- What this task involves
Look in the data below for the line that has "Gálhidy, Péter (2022)", then print exactly every line from there through the line that has "宣讲会开始前,公司对应聘学生", leaving pictures out.

- Records for the exercise
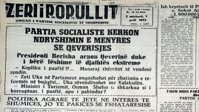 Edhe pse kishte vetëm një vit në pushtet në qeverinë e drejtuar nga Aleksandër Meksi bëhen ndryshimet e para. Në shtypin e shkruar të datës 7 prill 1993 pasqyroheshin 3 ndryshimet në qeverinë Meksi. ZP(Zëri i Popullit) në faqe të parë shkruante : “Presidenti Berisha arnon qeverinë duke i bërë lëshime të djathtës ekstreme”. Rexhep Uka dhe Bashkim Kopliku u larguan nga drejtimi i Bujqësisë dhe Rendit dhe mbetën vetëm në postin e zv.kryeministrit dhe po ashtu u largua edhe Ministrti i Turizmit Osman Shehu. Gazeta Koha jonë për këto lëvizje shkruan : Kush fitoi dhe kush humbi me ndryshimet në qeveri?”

...

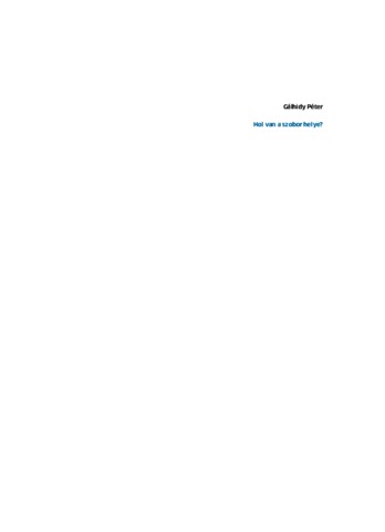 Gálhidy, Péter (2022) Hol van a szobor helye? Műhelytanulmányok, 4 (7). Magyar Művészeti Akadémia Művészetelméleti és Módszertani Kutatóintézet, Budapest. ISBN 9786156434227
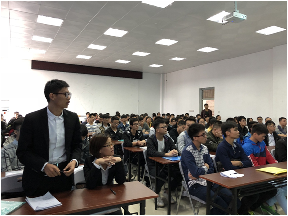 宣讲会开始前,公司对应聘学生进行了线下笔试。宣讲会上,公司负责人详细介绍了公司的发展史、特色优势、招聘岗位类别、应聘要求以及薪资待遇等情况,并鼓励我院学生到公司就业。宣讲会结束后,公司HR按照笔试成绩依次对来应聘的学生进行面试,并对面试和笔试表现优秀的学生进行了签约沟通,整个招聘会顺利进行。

- Solution for this task
 Gálhidy, Péter (2022) Hol van a szobor helye? Műhelytanulmányok, 4 (7). Magyar Művészeti Akadémia Művészetelméleti és Módszertani Kutatóintézet, Budapest. ISBN 9786156434227
 宣讲会开始前,公司对应聘学生进行了线下笔试。宣讲会上,公司负责人详细介绍了公司的发展史、特色优势、招聘岗位类别、应聘要求以及薪资待遇等情况,并鼓励我院学生到公司就业。宣讲会结束后,公司HR按照笔试成绩依次对来应聘的学生进行面试,并对面试和笔试表现优秀的学生进行了签约沟通,整个招聘会顺利进行。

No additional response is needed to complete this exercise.